Below is a block of records: output all of them exactly and leave out the pictures.

» **Task data**:
————————

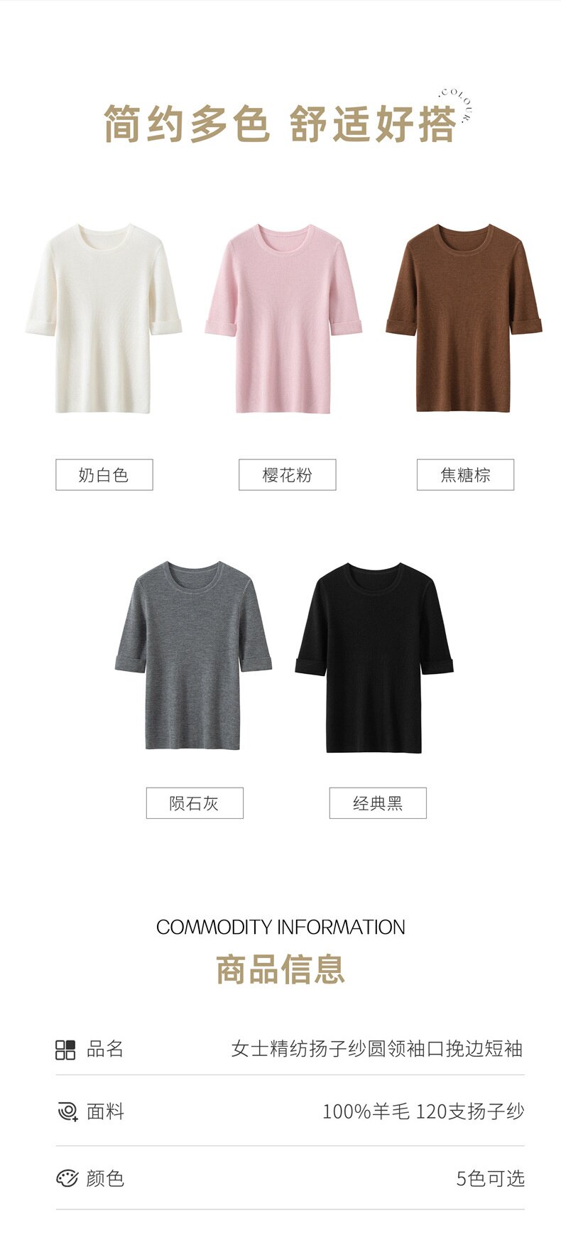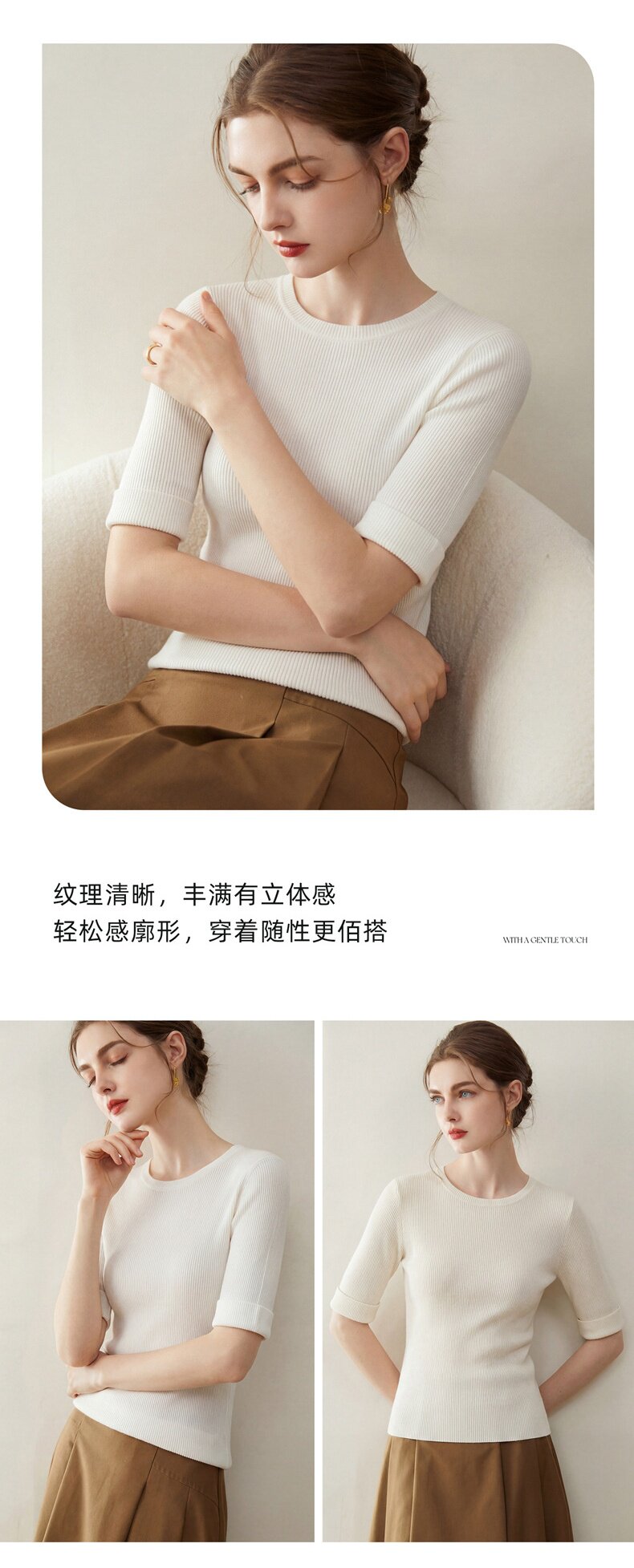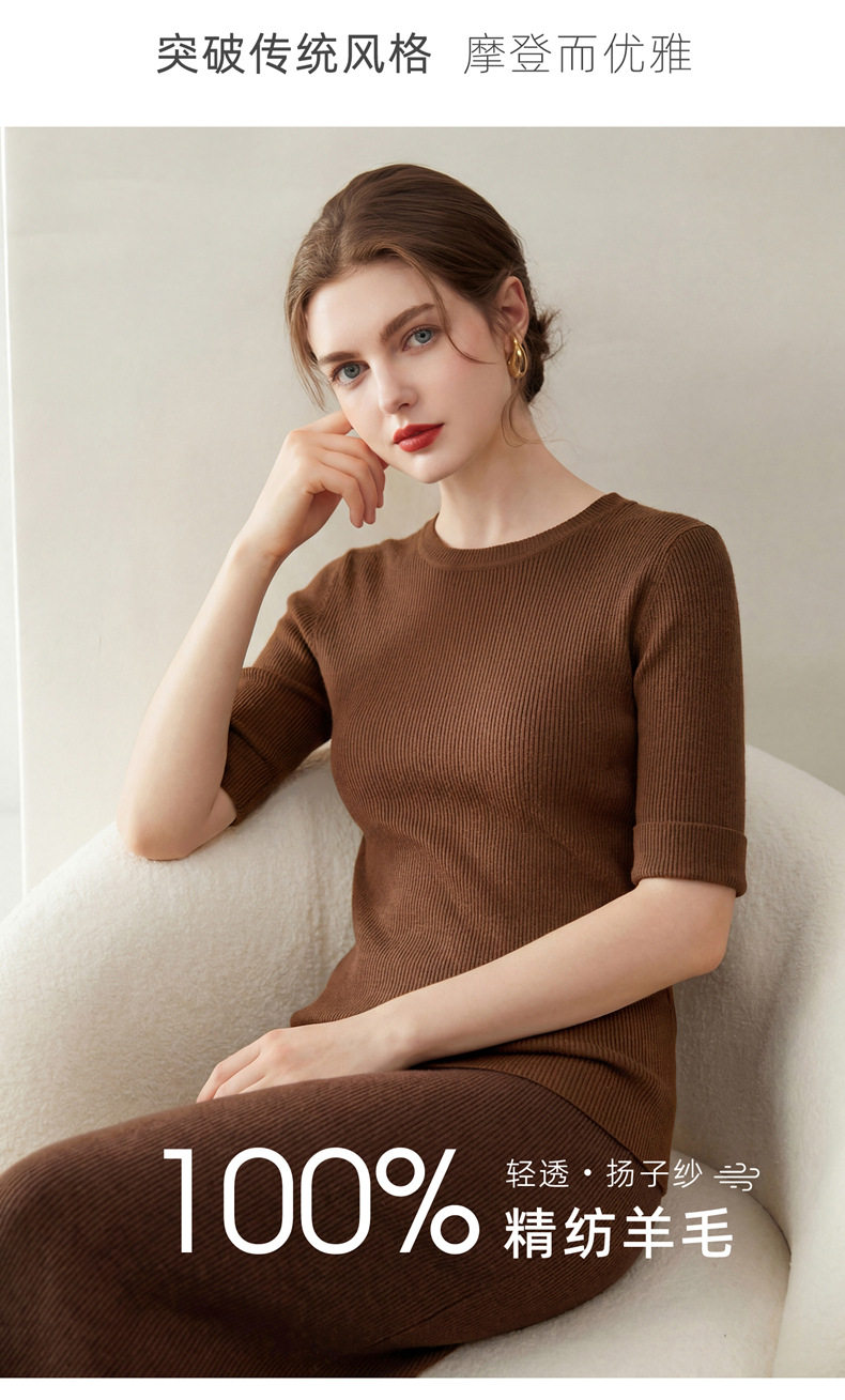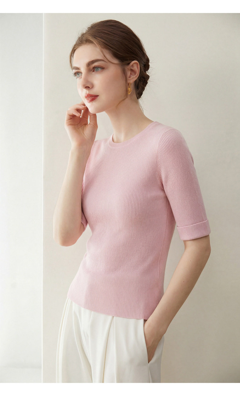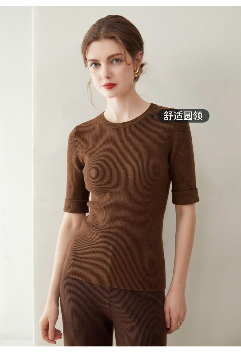 「自」全新升级【铂金会员293/天猫389/差价96】(14009)洛诗琳袖口挽边羊毛针织短袖2026新款优雅修身五分袖上衣
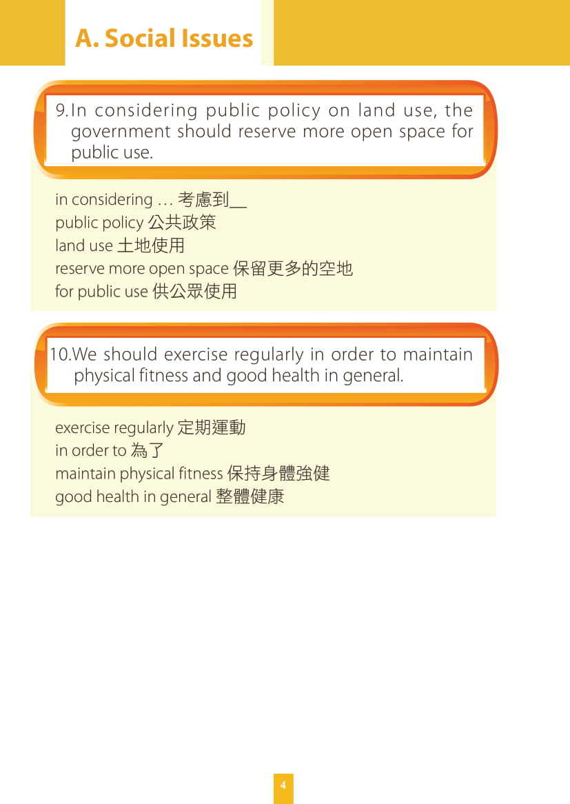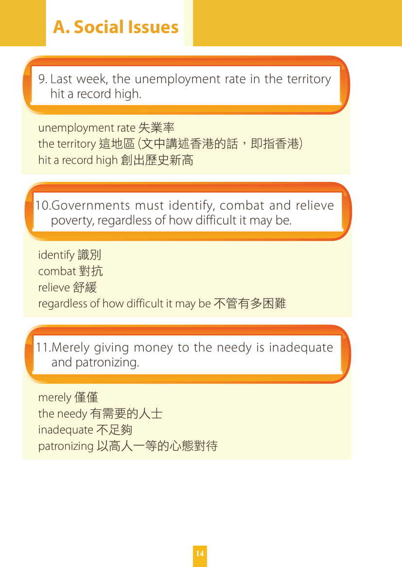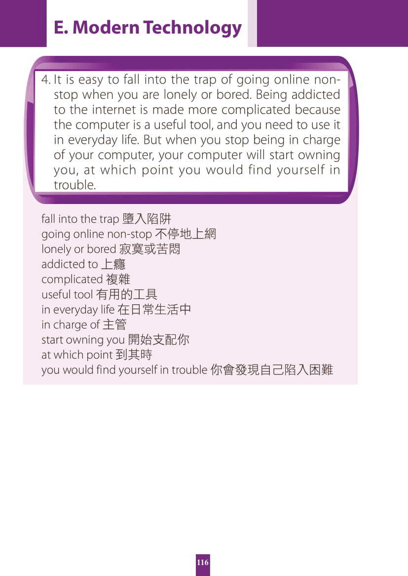 - 按主題劃分為6章,包括「社會議題」(Social Issues)、「大眾傳媒與藝術」(Mass Media and Arts) 、「香港、中國與世界」(Hong Kong, China and World)、「日常生活」(Daily Life)、「現代科技」(Modern Technology) 及「環境與生態」(Environment and Ecology)
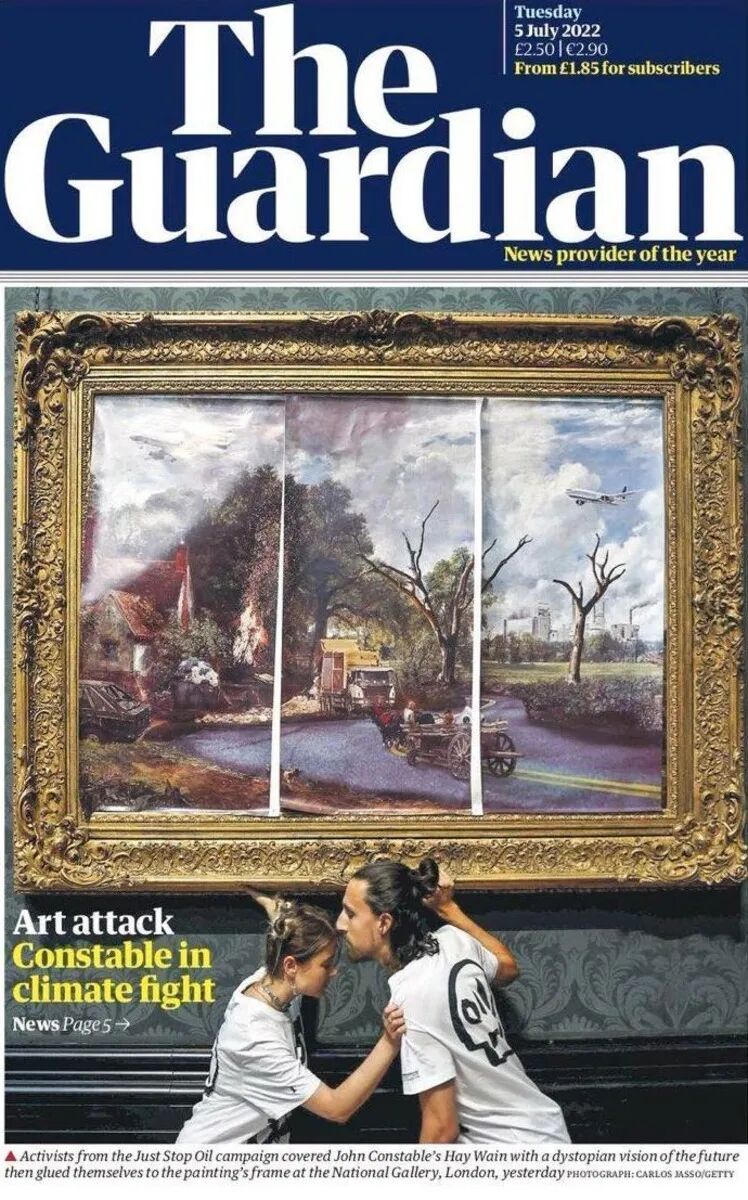 Just Stop Oil首页弹窗的卫报封面,显然在信息时代,三个月前太过久远。
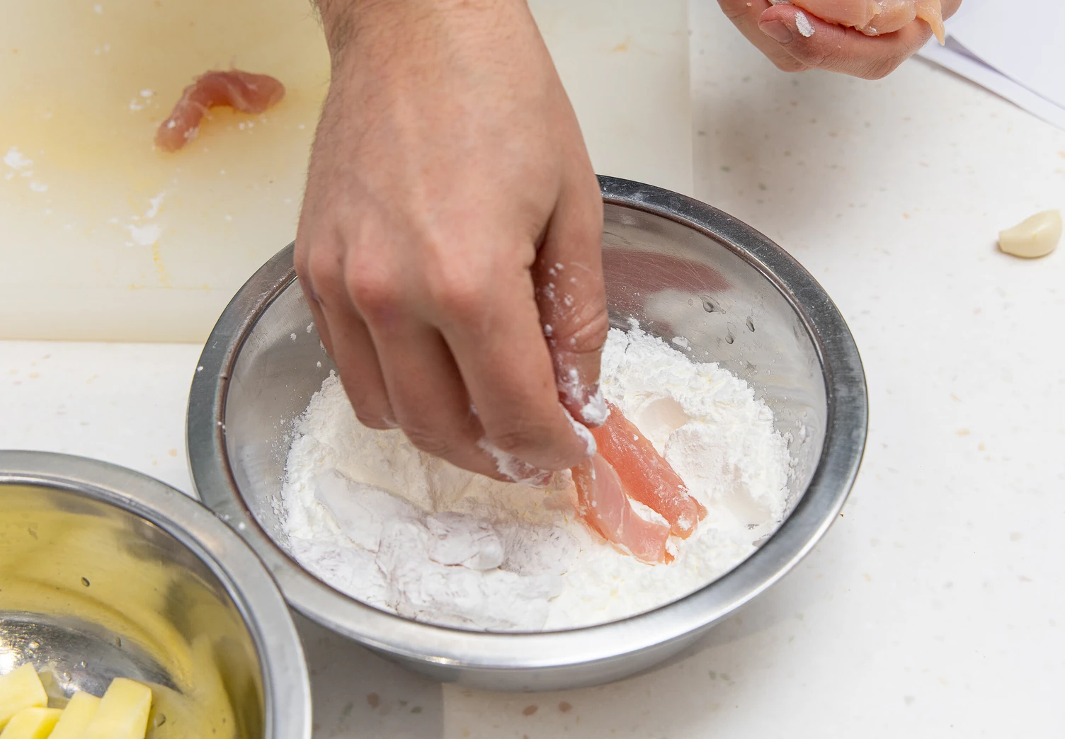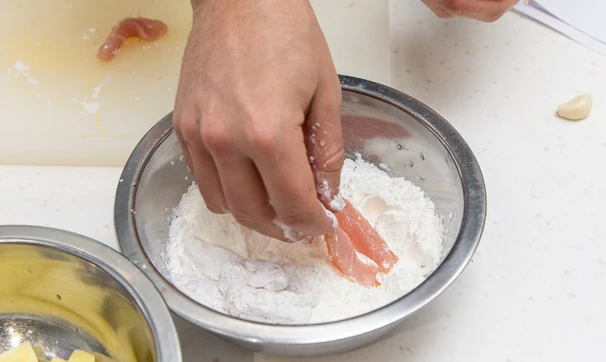 В миску с крахмалом поместите курицу и картофель и хорошо обваляйте их.
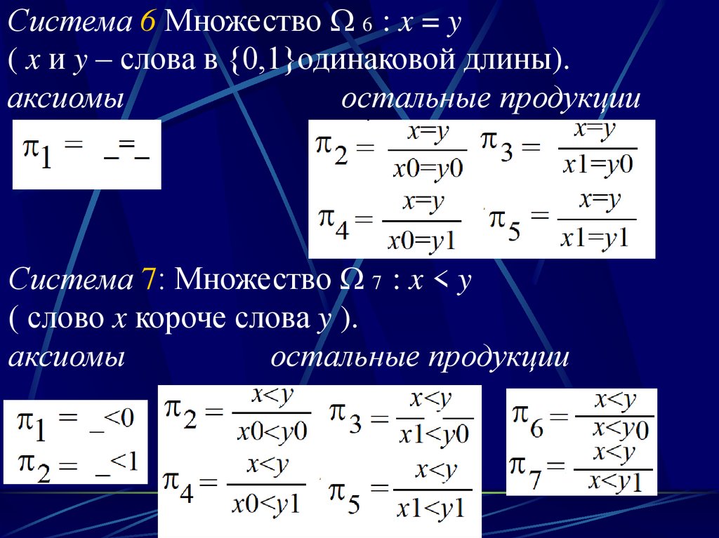 Система 6 Множество 6 : x = y( x и y – слова в {0,1}одинаковой длины).

————————

» **Your response**:
 「自」全新升级【铂金会员293/天猫389/差价96】(14009)洛诗琳袖口挽边羊毛针织短袖2026新款优雅修身五分袖上衣
 - 按主題劃分為6章,包括「社會議題」(Social Issues)、「大眾傳媒與藝術」(Mass Media and Arts) 、「香港、中國與世界」(Hong Kong, China and World)、「日常生活」(Daily Life)、「現代科技」(Modern Technology) 及「環境與生態」(Environment and Ecology)
 Just Stop Oil首页弹窗的卫报封面,显然在信息时代,三个月前太过久远。
 В миску с крахмалом поместите курицу и картофель и хорошо обваляйте их.
 Система 6 Множество 6 : x = y( x и y – слова в {0,1}одинаковой длины).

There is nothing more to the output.